** Work instructions **
Without the pictures, give the entries below again exactly as written.

:: Data to examine

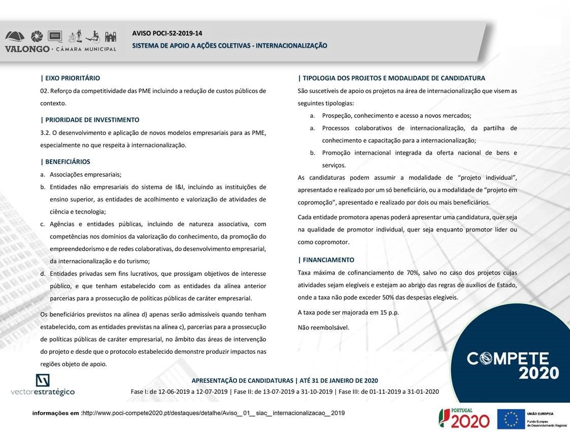 Candidaturas do Programa Compete 2020 - Ações Coletivas – Internacionalização
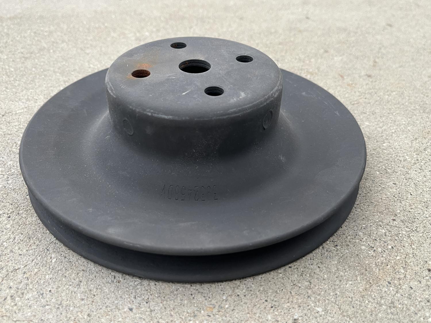 I have a 69 Z28 3932456 DV water pump pulley here. Clearly original, see photos below. Recently cleaned, restored, and phosphate plated. Nice, clear stamping. Cheers, Anthony |
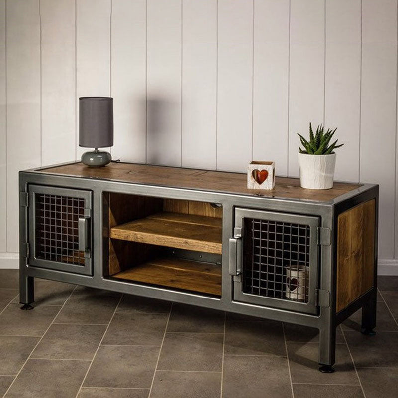 Brown Pine Wood Top TV Media Stand Industrial Media Console with Open Storage
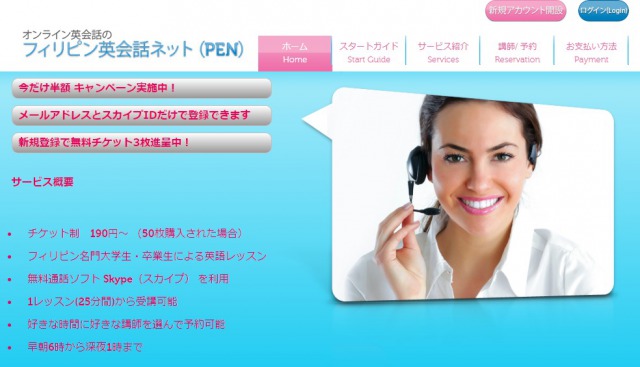フィリピン英会話ネット(PEN)の無料体験は3回
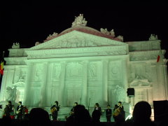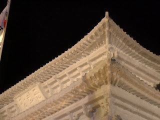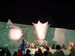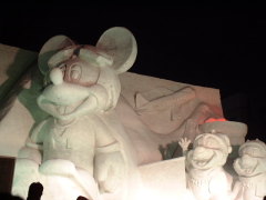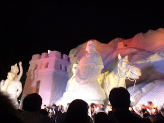 | 4丁目から11丁目まで 大雪像や市民の作る小さな雪像が 並びます。 やはり キャラクター物が多い中、 今年の目玉は 韓国の「光化門」でしょうか。 ワールドカップ韓日協同開催を記念して 制作されました。 雪像前の舞台では 様々な催しがあります。 この時は 「アリラン」を歌っていました。 |
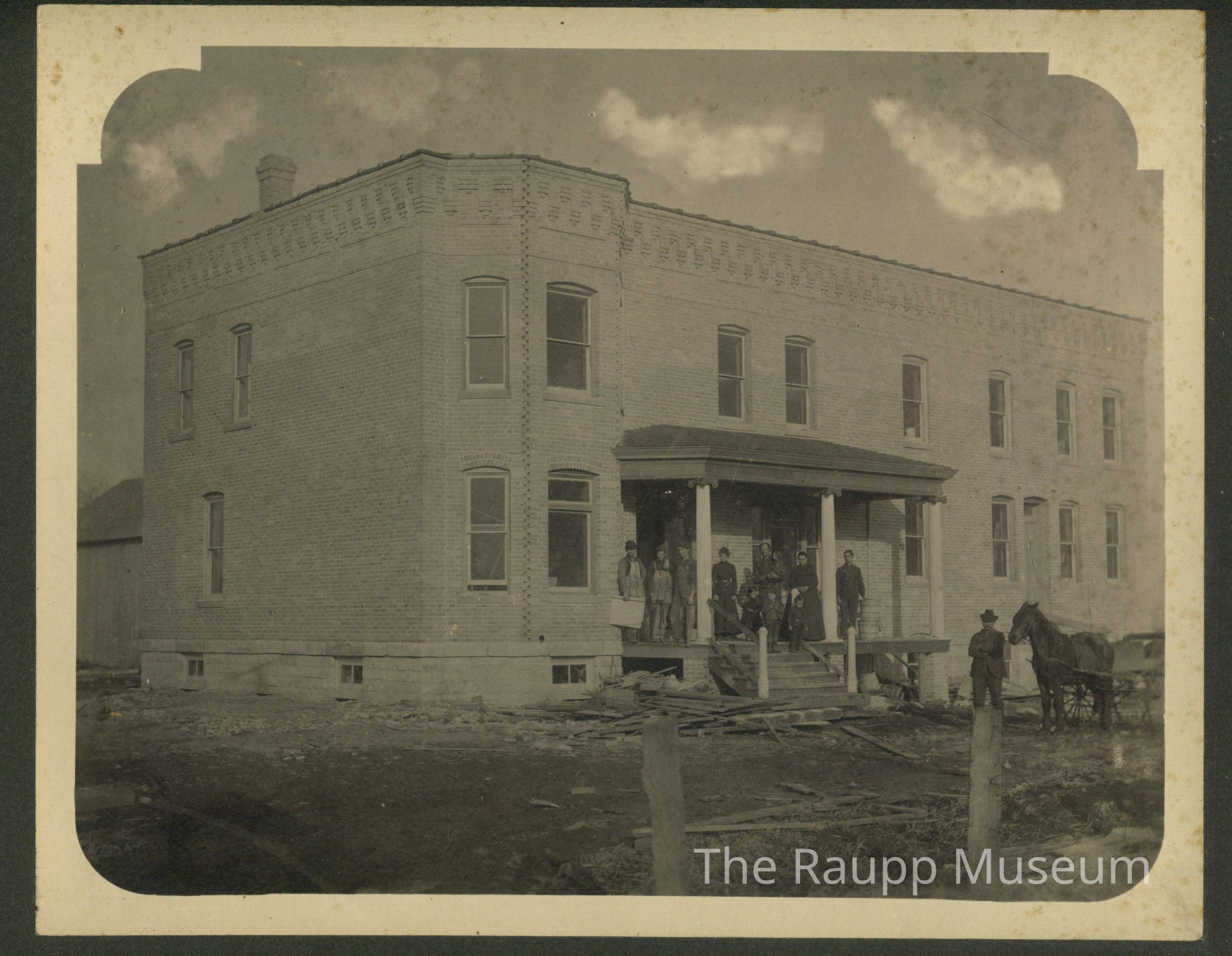 Black and white print with rounded, scalloped edges, white border and mounted to heavy gray card. Image of brick building exterior and people standing on the front steps. Building is rectangular with two stories and small porch overhang with two columns. Man with a horse standing in the far right area of the image.Dimensions

::::

** Solution **
 Candidaturas do Programa Compete 2020 - Ações Coletivas – Internacionalização
 I have a 69 Z28 3932456 DV water pump pulley here. Clearly original, see photos below. Recently cleaned, restored, and phosphate plated. Nice, clear stamping. Cheers, Anthony |
 Brown Pine Wood Top TV Media Stand Industrial Media Console with Open Storage
フィリピン英会話ネット(PEN)の無料体験は3回
 | 4丁目から11丁目まで 大雪像や市民の作る小さな雪像が 並びます。 やはり キャラクター物が多い中、 今年の目玉は 韓国の「光化門」でしょうか。 ワールドカップ韓日協同開催を記念して 制作されました。 雪像前の舞台では 様々な催しがあります。 この時は 「アリラン」を歌っていました。 |
 Black and white print with rounded, scalloped edges, white border and mounted to heavy gray card. Image of brick building exterior and people standing on the front steps. Building is rectangular with two stories and small porch overhang with two columns. Man with a horse standing in the far right area of the image.Dimensions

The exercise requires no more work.